Estonia
- FIBA ranking: 36 ▲1 (13 July 2026)
- Joined FIBA: 1934 1991
- FIBA zone: FIBA Europe
- National federation: Estonian Basketball Association
- Coach: Heiko Rannula

Olympic Games
- Appearances: 1
- Medals: None

FIBA World Cup
- Appearances: None

EuroBasket
- Appearances: 8
- Medals: None
| Home | Away |

First international
- Latvia 20–16 Estonia (Riga, Latvia; 29 April 1924)

Biggest win
- Estonia 91–1 Finland (Kaunas, Lithuania; 25 May 1939)

Biggest defeat
- Yugoslavia 113–58 Estonia (Antalya, Turkey; 1 September 2001)

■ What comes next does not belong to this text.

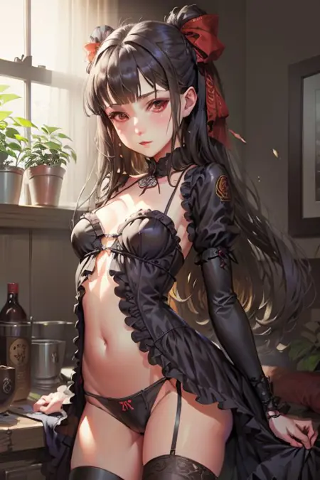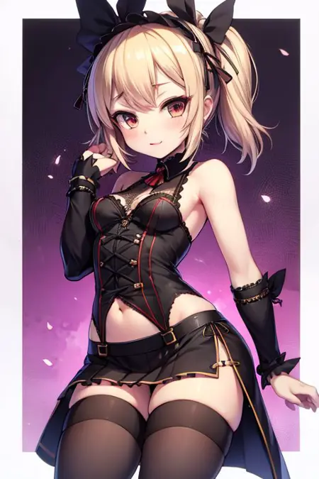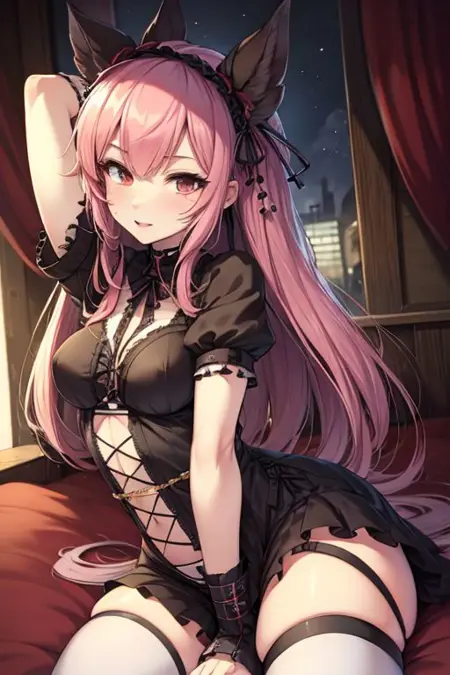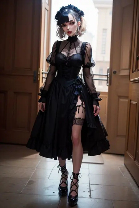 使用 #goth_fashion 标签在数据集上进行 LoRA 训练。在第二个版本中,添加了一个服装元素——#thighhighs 标签。

= Estonia men's national basketball team =

Men's national basketball team representing Estonia

The Estonia men's national basketball team (Eesti korvpallikoondis) represents Estonia in international basketball matches. They are controlled by the Estonian Basketball Association. The team competed in their first international tournament at the 1936 Olympic Games. Estonia has also qualified for the EuroBasket seven times overall, with their best results coming in 1937 and 1939. However, after 1939, Estonia halted national team activities due to the occupation of the Baltic states during World War II. Estonia rejoined FIBA in 1991, after restoring independence from the Soviet Union.

==History==
===Early years (1920s–1930s)===
Estonia played their first ever international match against their Baltic neighbors Latvia, on 29 April 1924, a 20–16 defeat in Riga. Ten years later, on 30 November 1934, Estonia became a member of FIBA. Two years after that, the national team played in their first international tournament at the 1936 Olympic Games, held in Berlin. It was the first Olympic tournament to hold basketball as an official medal event. Led by head coach Herbert Niiler, Estonia played their opening match of the tournament against France, where the team came away with a 34–29 win. The national team lost their subsequent second round game to the United States 28–52, but passed the consolation round and faced the Philippines in the third round, losing 22–39.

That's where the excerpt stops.